◆ Task details:
All the entries need to be duplicated exactly, with the pictures omitted.

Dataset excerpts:

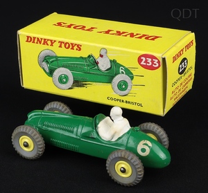 Cooper Bristol by Dinky Toys, No. 233. Near mint/boxed. Rare version with PRIMROSE YELLOW plastic wheels. A First for QDT! From The Cologne Collection. Starting bid £250. Please note that QDT apply 12.5% buyer's commission.
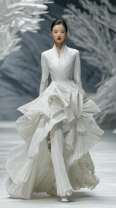 Midjourney Bot 更新时间:2026-02-05 00:03一件月白松身宋风交领长裙,完全摒弃束腰设计,采用多层真丝绡与软缎通过高温压褶工艺形成如雕塑般利落而轻盈的层叠褶皱,自肩颈流畅垂落至脚踝,褶皱走向似山水画中的叠嶂线条。改良蔽膝化为左腰侧一片黛青压褶垂纱,褶痕间嵌入金丝与细小红宝石。外搭一件同色压褶纱质长比甲,以玉环松系于肩。整体如披云雾而行,褶皱是结构而非堆砌,软料却撑起清瘦风骨。 --ar 9:16 --v 7 --style raw --stylize 150
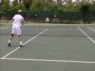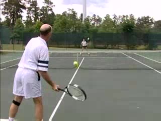 Joe Dinoffer's kneeling and standing FH/BH demo from center court, filmed from a front animation angle. The contact point is illustrated with the racket face staying square to the target zone as the hand leads slightly ahead of the racket head through impact.
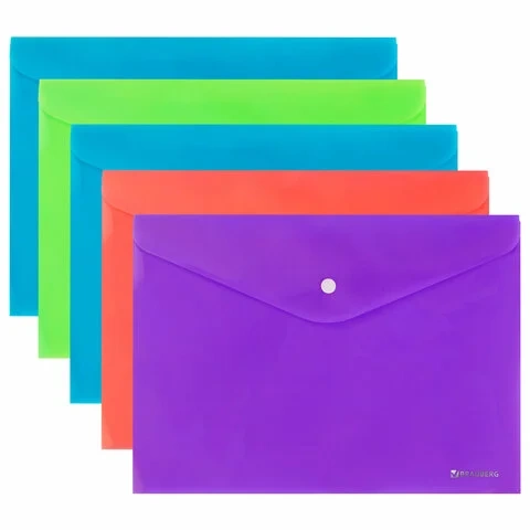 Папка-конверт с кнопкой А4, КОМПЛЕКТ 5 шт., яркие неоновые цвета ассорти, BRAUBERG 'NEON', 272872
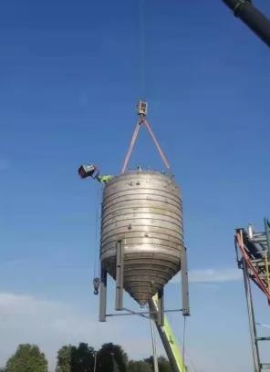 據(jù)悉,該分離水儲(chǔ)罐高7.5米、直徑4.4米,共有2臺(tái),是項(xiàng)目首項(xiàng)設(shè)備吊裝。由于現(xiàn)場(chǎng)安裝環(huán)境復(fù)雜、就位難度大,使得儲(chǔ)罐吊裝難度高。為確保此次吊裝工作順利完成,項(xiàng)目部多次組織召開(kāi)協(xié)調(diào)會(huì),從吊裝方案設(shè)計(jì)、吊車(chē)選型、到貨設(shè)備的實(shí)際數(shù)據(jù)測(cè)量,都做了周密計(jì)劃與準(zhǔn)備。11月13日上午,經(jīng)過(guò)3個(gè)小時(shí)的緊張施工,分離水儲(chǔ)罐設(shè)備吊裝就位工作順利完成。
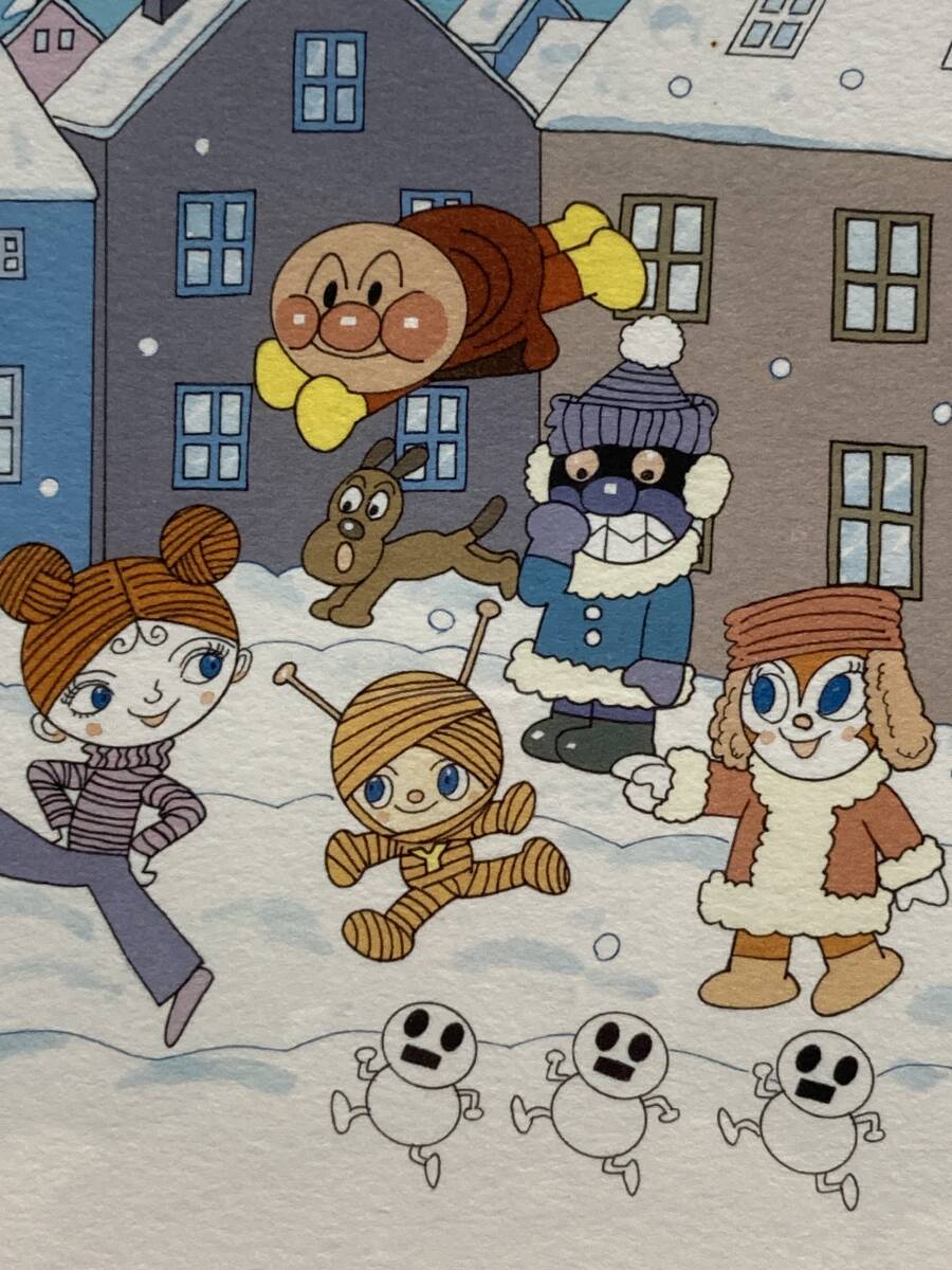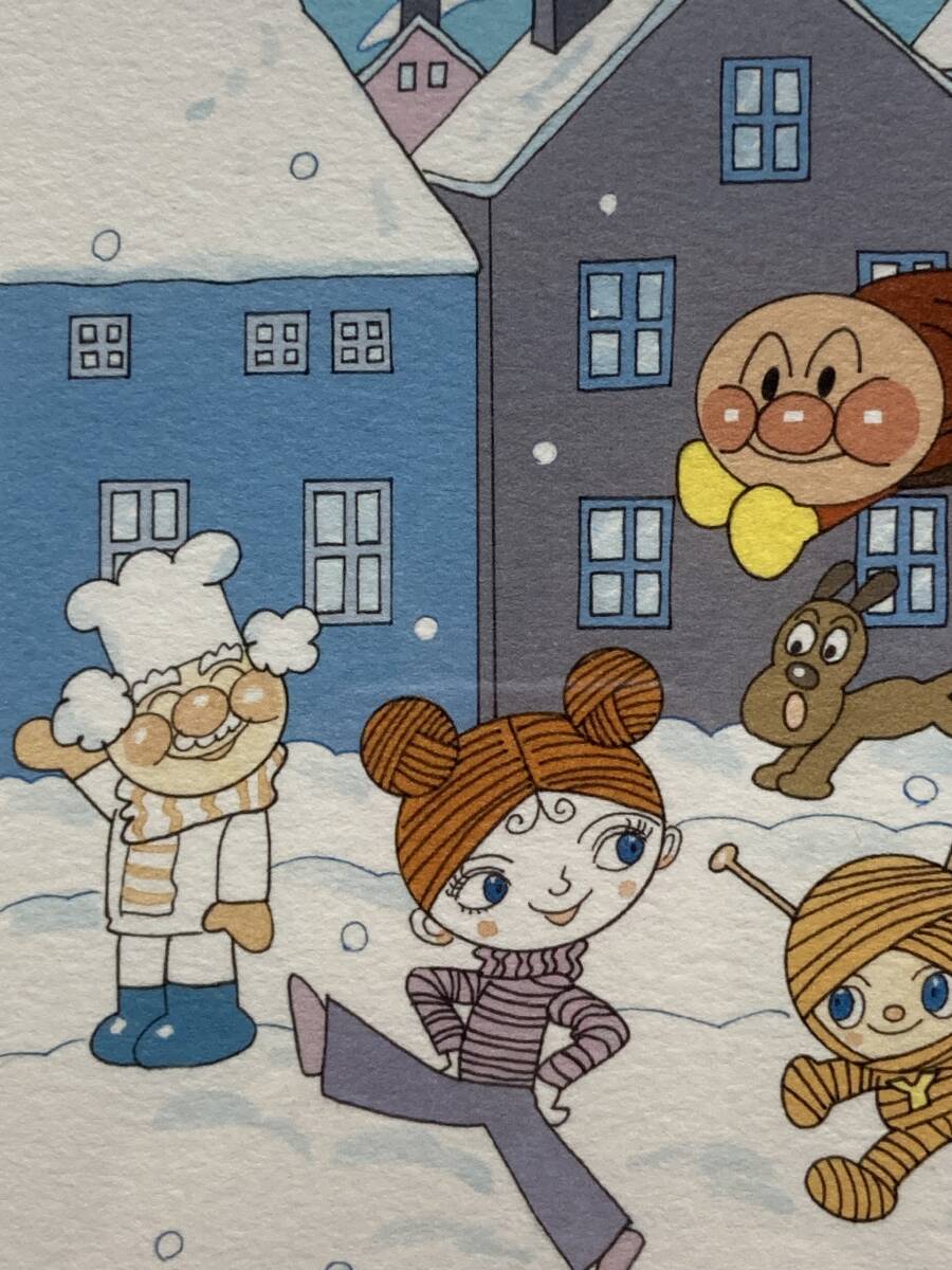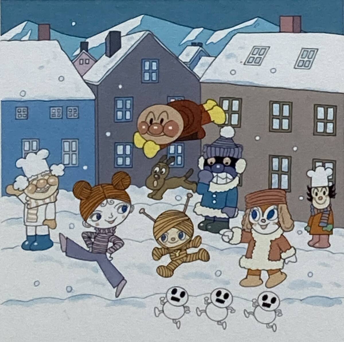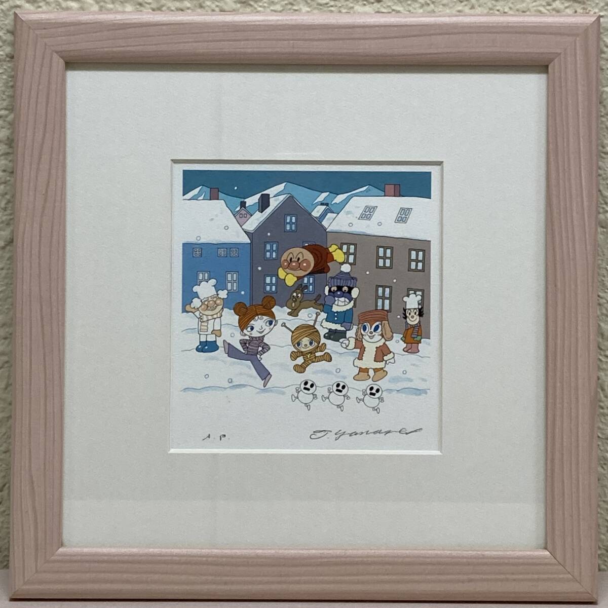 やなせたかし「雪降る広場であそぼうよ」ジクレー版画 A.P. アンパンマン バイキンマン 額装 真作保証 C
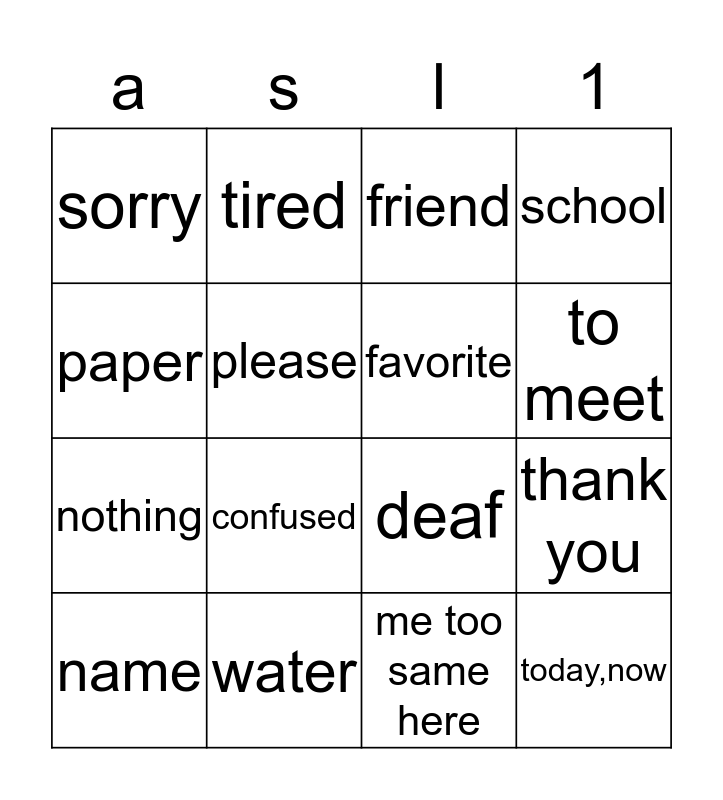 This bingo card has 16 words: name, water, friend, school, paper, tired, deaf, thank you, sorry, please, me too same here, to meet, nothing, confused, favorite and today,now.
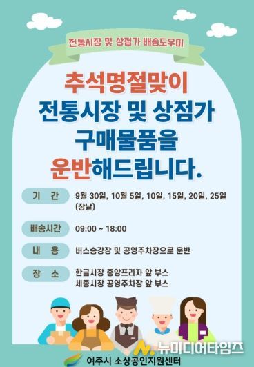 여주시는 여주시소상공인지원센터 주관으로 다가오는 추석 명절을 맞이하여 전통시장과 상점가를 찾는 시민들의 편의를 돕고 전통시장 활성화를 위해 ‘전통시장 및 상점가 배송 도우미’ 서비스를 운영한다.

◆ Result of this exercise:
 Cooper Bristol by Dinky Toys, No. 233. Near mint/boxed. Rare version with PRIMROSE YELLOW plastic wheels. A First for QDT! From The Cologne Collection. Starting bid £250. Please note that QDT apply 12.5% buyer's commission.
 Midjourney Bot 更新时间:2026-02-05 00:03一件月白松身宋风交领长裙,完全摒弃束腰设计,采用多层真丝绡与软缎通过高温压褶工艺形成如雕塑般利落而轻盈的层叠褶皱,自肩颈流畅垂落至脚踝,褶皱走向似山水画中的叠嶂线条。改良蔽膝化为左腰侧一片黛青压褶垂纱,褶痕间嵌入金丝与细小红宝石。外搭一件同色压褶纱质长比甲,以玉环松系于肩。整体如披云雾而行,褶皱是结构而非堆砌,软料却撑起清瘦风骨。 --ar 9:16 --v 7 --style raw --stylize 150
 Joe Dinoffer's kneeling and standing FH/BH demo from center court, filmed from a front animation angle. The contact point is illustrated with the racket face staying square to the target zone as the hand leads slightly ahead of the racket head through impact.
 Папка-конверт с кнопкой А4, КОМПЛЕКТ 5 шт., яркие неоновые цвета ассорти, BRAUBERG 'NEON', 272872
 據(jù)悉,該分離水儲(chǔ)罐高7.5米、直徑4.4米,共有2臺(tái),是項(xiàng)目首項(xiàng)設(shè)備吊裝。由于現(xiàn)場(chǎng)安裝環(huán)境復(fù)雜、就位難度大,使得儲(chǔ)罐吊裝難度高。為確保此次吊裝工作順利完成,項(xiàng)目部多次組織召開(kāi)協(xié)調(diào)會(huì),從吊裝方案設(shè)計(jì)、吊車(chē)選型、到貨設(shè)備的實(shí)際數(shù)據(jù)測(cè)量,都做了周密計(jì)劃與準(zhǔn)備。11月13日上午,經(jīng)過(guò)3個(gè)小時(shí)的緊張施工,分離水儲(chǔ)罐設(shè)備吊裝就位工作順利完成。
 やなせたかし「雪降る広場であそぼうよ」ジクレー版画 A.P. アンパンマン バイキンマン 額装 真作保証 C
 This bingo card has 16 words: name, water, friend, school, paper, tired, deaf, thank you, sorry, please, me too same here, to meet, nothing, confused, favorite and today,now.
 여주시는 여주시소상공인지원센터 주관으로 다가오는 추석 명절을 맞이하여 전통시장과 상점가를 찾는 시민들의 편의를 돕고 전통시장 활성화를 위해 ‘전통시장 및 상점가 배송 도우미’ 서비스를 운영한다.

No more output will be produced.